McLean County Service Co. v. Commissioner

45 B.T.A. 1004, 1941 BTA LEXIS 1039
CourtUnited States Board of Tax Appeals
DecidedDecember 16, 1941
DocketDocket Nos. 101830, 101831.
StatusPublished
Cited by4 cases

This text of 45 B.T.A. 1004 (McLean County Service Co. v. Commissioner) is published on Counsel Stack Legal Research, covering United States Board of Tax Appeals primary law. Counsel Stack provides free access to over 12 million legal documents including statutes, case law, regulations, and constitutions.

Bluebook
McLean County Service Co. v. Commissioner, 45 B.T.A. 1004, 1941 BTA LEXIS 1039 (bta 1941).

Opinion

[1007]*1007OPINION.

Arnold:

Petitioners contend that, under section 26 (c) (1) of the Revenue Act of 1936, in computing the surtax on undistributed profits they are entitled to a credit to the extent of their respective net incomes upon the ground that the payment of dividends is prohibited by their charters, bylaws, and class A preferred stock, and common stock certificates, except dividends not in excess of 7 percent on class A preferred stock.

To be entitled to the claimed credit the petitioner must show the existence of “a written contract executed by the corporation prior to May 1, 1936” containing a provision which “expressly deals with the payment of dividends.”

It has been held that corporate charters and bylaws are not “written contracts executed by the corporation” within the meaning of the statute. Lehigh Structural Steel Co., 44 B. T. A. 422 (on appeal, C. C. A., 3d Cir.) ; Metal Specialty Co., 43 B. T. A. 891 (on appeal, C. C. A., 6th Cir.); Warren Telephone Co., 43 B. T. A. 451 (on appeal, C. C. A., 6th Cir.); Midland Cooperative Wholesale, 44 [1008]*1008B. T. A. 824; Atlas Supply Co., 43 B. T. A. 324 (on appeal, C. C. A., 10th Cir.), and Davison-Joseph Campau Realty Co., 41 B. T. A. 675. Section 26 (c) (1) refers to “routine contracts dealing with ordinary debts.” Helvering v. Northwest Steel Rolling Mills, Inc., 311 U. S. 46.

Whether the stock certificates are contracts within the meaning of section 26 (c) (1) was decided .in the negative in Bishop & Babcock Manufacturing Co., 45 B. T. A. 776. Stock certificates are not “routine contracts dealing with ordinary debts.” Helvering v. Northwest Steel Rolling Mills, supra. The petitioners are therefore not entitled to a credit under section 26 (c) (1), Bevenue Act of 1936.

Petitioners contend that if it is held the charter, bylaws, and stock certificates do not constitute a contract restricting the payment of dividends as contemplated in section 26 (c) (1), Bevenue Act of 1936, then the excess of the amount of patronage dividends accrued over the amount allowable as a deduction from gross receipts should be allowed as a dividends paid credit under section 27 of the Bevenue Act of 1936.

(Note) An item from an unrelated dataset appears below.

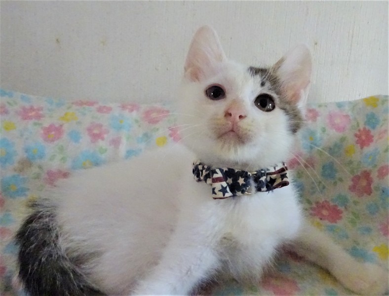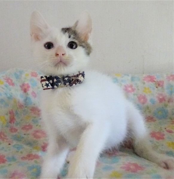 | 特徴(性格など) | 仮名: 小毬(こまり)ちゃん(メス) 毛色: 殆ど白の白キジ 性格: まだ小さいので個性ははっきりとしませんが、少し怖がりのようです。 人を恐れることはなく抱っこも好きです。 最近は猫じゃらしに反応するようになり遊んでいます。 プロレスも好きです。 ご飯大好きなので、ご飯の時は大騒ぎです。姉妹の小鈴ちゃんと一緒のお家に行けると嬉しいです。 まだ小さいのでしばらくは見守りが必要ですから、留守番時間の短いお家を希望します。 ノミ取り済 検便済 駆虫済 3種混合ワクチン 猫エイズ・白血病ウィルス検査は共に陰性です |

Section 27 (g) provides that:

No dividends paid credit shall be allowed with respect to any distribution unless the distribution is pro rata, equal in amount, and with no preference to any share of stock as compared with other shares of the same class.1

Each of the petitioners distributed nonpreferential pro rata dividends on shares of class A preferred stock in the amount of $3,604.75 and $2,801.32, respectively, which were allowed as dividends paid credits by respondent. Under the charter and bylaw7 provisions the holders of common stock of petitioners are entitled to a distribution of income on the basis of patronage only, which distributions are designated patronage dividends as.distinguished from ordinary dividends on stock. The McLean Co. accrued patronage dividends of $88,263.93 for the fiscal year on its books, but actually distributed only $85,724.18. The Champaign Co. accrued patronage dividends of $58,340.35 on its books for the taxable year. The amount of patronage dividends paid by it during the taxable year was not stipulated. The respondent allowed as deductions from gross income patronage dividends in the amounts of $80,835.69 and $56,335.68, respectively. It was stipulated that the patronage refunds represented the common stockholders’ share of the net savings prorated solely on the basis of their patronage and not in proportion to stockholdings. Holders of one share of common stock who transacted no business [1009]*1009with petitioners would be entitled to no dividends, whereas holders of one or more shares of common stock who transacted business with petitioners would be entitled to dividends in varying amounts, depending upon the amount of business transacted. A holder of two or three shares who did not transact business would not be entitled to any dividends, whereas the holders of only one share each who did transact business would be entitled to dividends, depending upon the amount of business transacted. Hence such distribution would not be pro rata equal in amount and with no preference to any share of stock as compared with other shares of the same class.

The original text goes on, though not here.